I know ssh and scp command, but they need ssh-key authentication.
Is this possible to remove this and perhaps give full write-access to only one directory on my remote machine?
If this is not working or this would be to critical because of security, what about samba-shares?
It is all inside my private network, how can i do this?
If they are both Linux systems one method would be, nfs mount.
Basically, you setup an nfs share on the machine you want to copy to. Then you nfs mount on the machine you want to copy from. If shared correctly the connection will happen at boot up and appear as a local directory to the openHAB machine.
Other option is openhabian hasn’t samba shares setup if you use this image. You could mount it on the remote system and monitor for a file to appear.
ssh and scp can both be used without key authentication. It would be much easier to be helpful if you’d provide details on what you are trying to achieve rather than how you want to achieve it .
You can add your own public key in the authorize_keys on the other machine. You can the scp and ssh without password.
I had an sip ip-doorphone. When someone pressed the “ringing” button, all my phones inside my house ringed and i was able to speak with the visitor.
But my ip-doorphone died. I only used the ringing-functionality. I nearly never spoke with the visitor.
So it would be enough, when i only have a ringing-button. --> Thats no problem. I already have one and it works. I can see the switch on my openhab-sitemap switched, when someone presses the button.
But i want to have my phones ringing again, because i have no extra bell, but phones all around the house - also i could take the phone to the garden and can hear, when someone is pressing the doorbell.
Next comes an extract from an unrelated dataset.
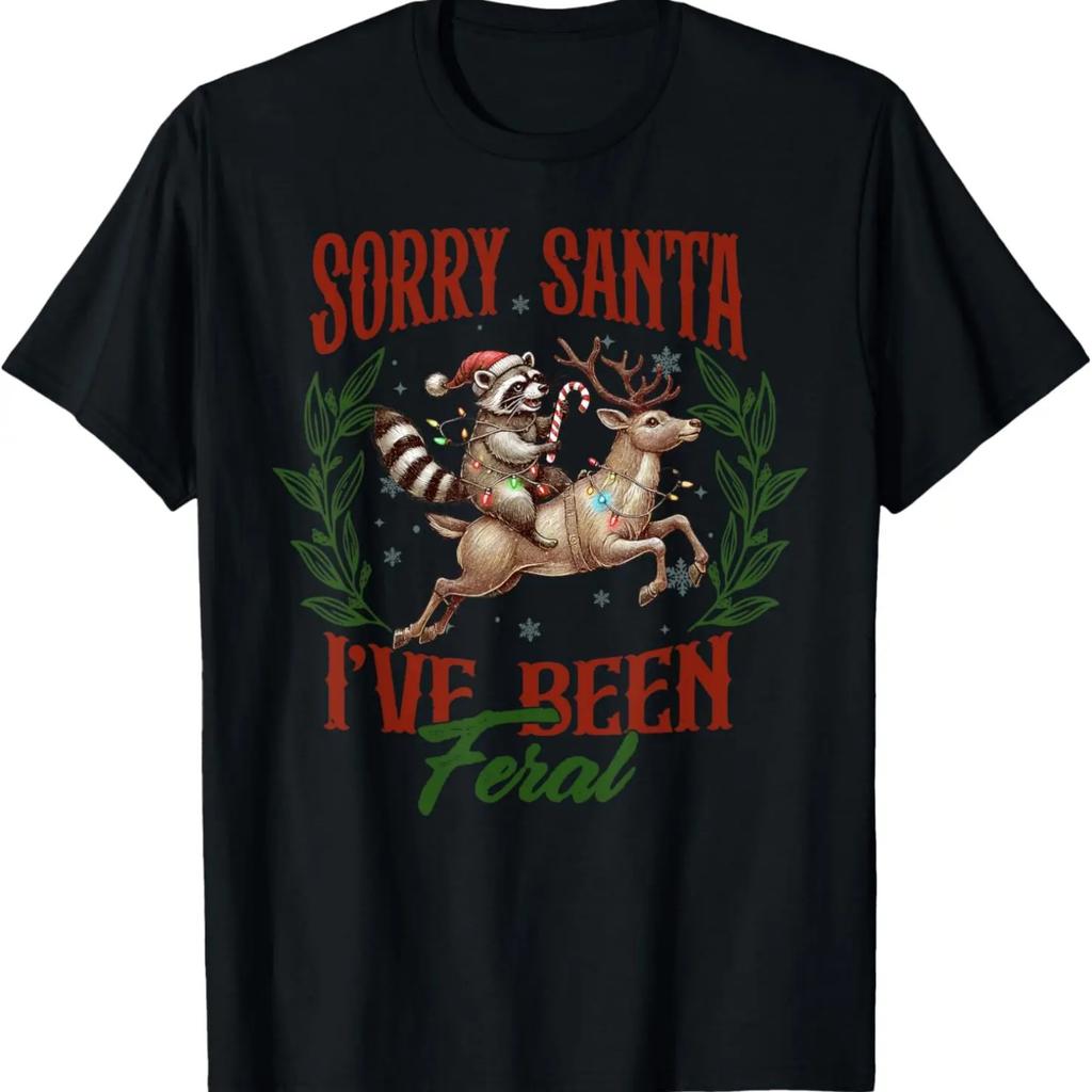 Funny Sorry Santa I've Been Feral Raccoon Christmas Animal T-Shirt

So i looked how i can do that with asterisk and i can do it - i have to place a simple text file to an asterisk directory - then the phones will ring.
I have 2 linux debian servers inside my house. One is openhab and another one is asterisk.
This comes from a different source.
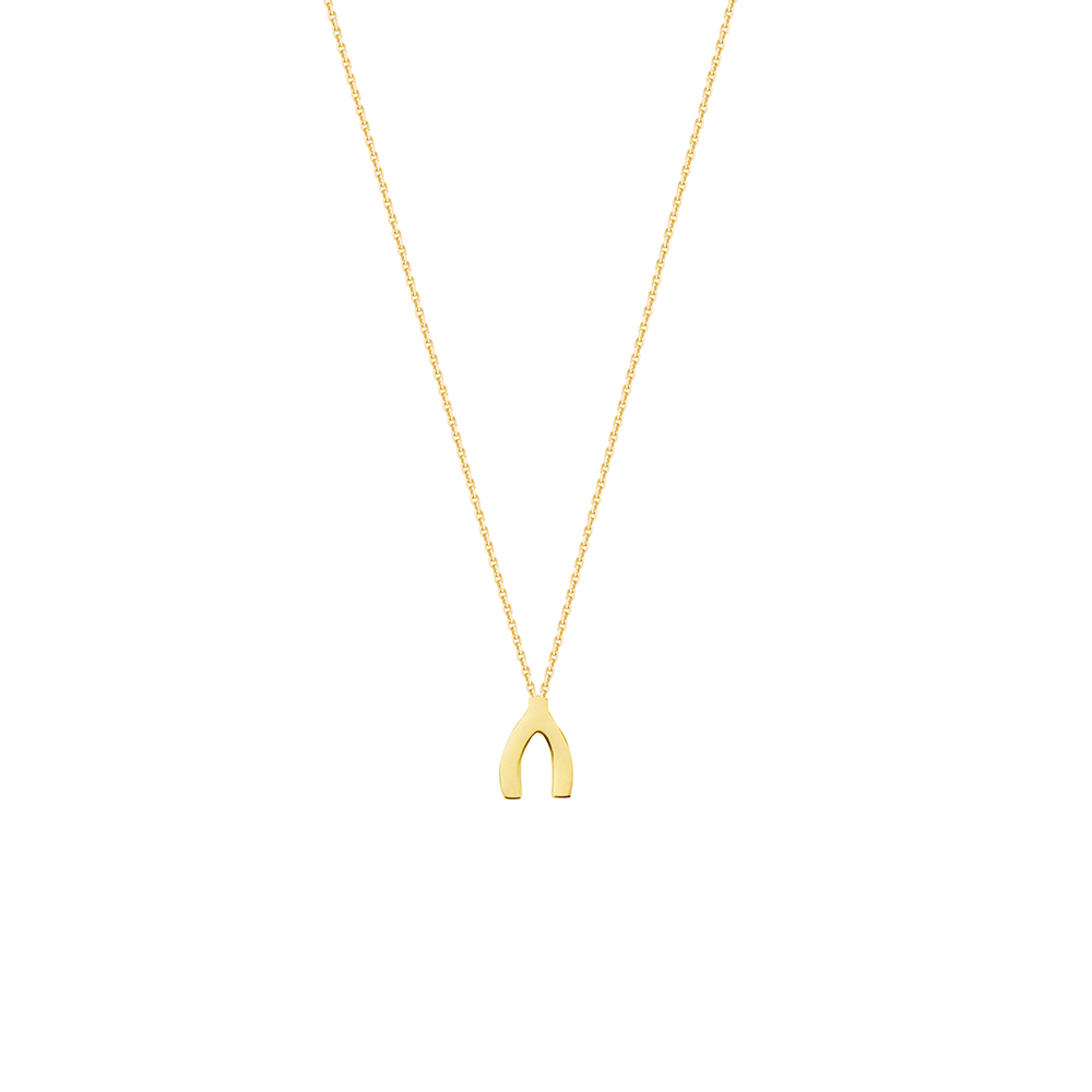 14k gold wishbone necklace.

Can i remove authentication completely in this case or is this no good idea (security risk)? All is inside my internal network only.
That makes sense, but why the requirement to remove authentication? It does not take much to setup the keys. Is it a security risk? Probably not, but the effort to work around it is going to be about the same as just using it. There are several posts in the forum on how to set it up.
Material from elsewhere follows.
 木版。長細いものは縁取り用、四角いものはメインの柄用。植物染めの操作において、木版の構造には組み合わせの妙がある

Even in an internal network I would not remove the need to authenticate completely. If you do not want to setup authentication with keys you can still use the scp command and provide the password of the remote user as a parameter.
You also could use netcat to copy files between systems without providing a password nor a key. For examples see https://nakkaya.com/2009/04/15/using-netcat-for-file-transfers/ .
I always would go for ssh. The setup of a public/private keypair is just a few seconds.
As the private key will not be secured by a passphrase as a script will trigger copying the files between your systems it is good to know how to secure a key pair in a way that is can be used for copying files ( for a dedicated command ) only: https://research.kudelskisecurity.com/2013/05/14/restrict-ssh-logins-to-a-single-command/
On top of this it can be restricted to a dedicated IP address.